TO DO:
Begin at the line below that has "The fishtail looks". Stop after the line that has "Απολαύστε τη ζουμερή", repeating each line exactly and leaving out the pictures.

GIVEN MATERIAL:
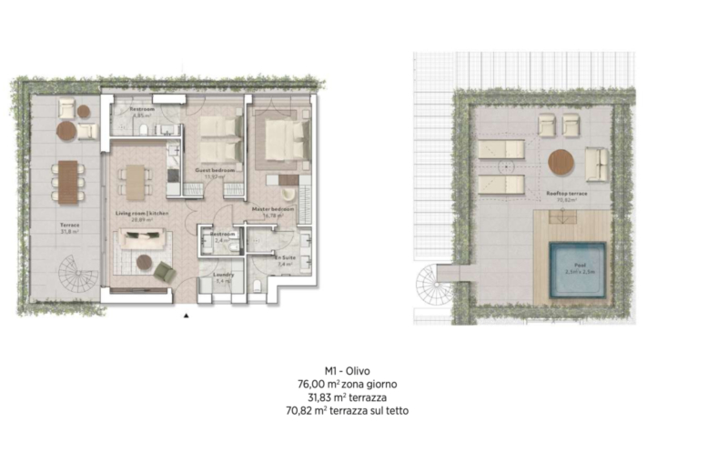 Die Penthäuser verfügen über großzügige Sonnenterrassen und bieten die Möglichkeit eines Dachpools.
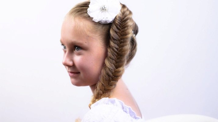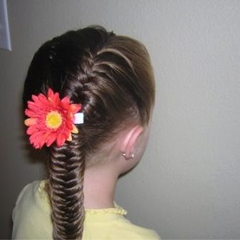 The fishtail looks very impressive on girls; it can be braided in literally 5 minutes. For this, the hair is thoroughly combed so that the locks can be easily separated, you do not need to comb the curls additionally - this will only confuse the delicate children's hair.
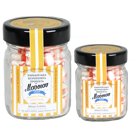 Απολαύστε τη ζουμερή γεύση των παραδοσιακών καραμελών ροδάκινο από τα Παραδοσιακά Χειροποίητα Προϊόντα Μούσιου. Φτιαγμένες με ζάχαρη, γλυκόζη, κρεμόριο και φυσικό άρωμα ροδάκινου, προσφέρουν μια γυαλιστερή υφή που λιώνει στο στόμα. Η χειροποίητη διαδικασία εξασφαλίζει την αυθεντική ποιότητα. Διαθέσιμες σε γυάλινα βάζα 200γρ και 100γρ, είναι ιδανικές για κάθε περίσταση.
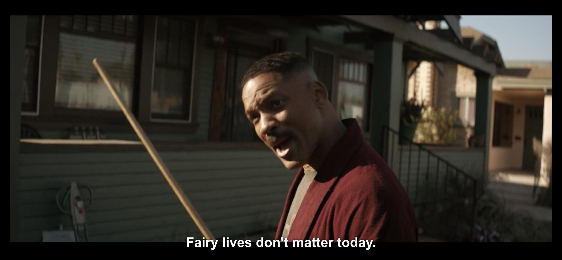 24. Later in Bright, Nick and Daryl investigate a crime scene where it seems like some magic went down with a wand. Here’s the thing about wands: They can only be used by elves who are “Brights,” and a human “Bright” is supposed to be super rare, like one in a million. Despite this, there are many people — including an entire gang and its wheelchair-bound leader — who want to take the wand. So, is everyone risking their lives because of lazy plotting, or is this a sobering commentary on the societal plight facing most people in the city, that they’d rather risk their lives for the infinitesimal chance of wielding a wand than continue their meandering existence? Based on everything else I’ve seen, I’m going with the former.

TASK OUTPUT:
 The fishtail looks very impressive on girls; it can be braided in literally 5 minutes. For this, the hair is thoroughly combed so that the locks can be easily separated, you do not need to comb the curls additionally - this will only confuse the delicate children's hair.
 Απολαύστε τη ζουμερή γεύση των παραδοσιακών καραμελών ροδάκινο από τα Παραδοσιακά Χειροποίητα Προϊόντα Μούσιου. Φτιαγμένες με ζάχαρη, γλυκόζη, κρεμόριο και φυσικό άρωμα ροδάκινου, προσφέρουν μια γυαλιστερή υφή που λιώνει στο στόμα. Η χειροποίητη διαδικασία εξασφαλίζει την αυθεντική ποιότητα. Διαθέσιμες σε γυάλινα βάζα 200γρ και 100γρ, είναι ιδανικές για κάθε περίσταση.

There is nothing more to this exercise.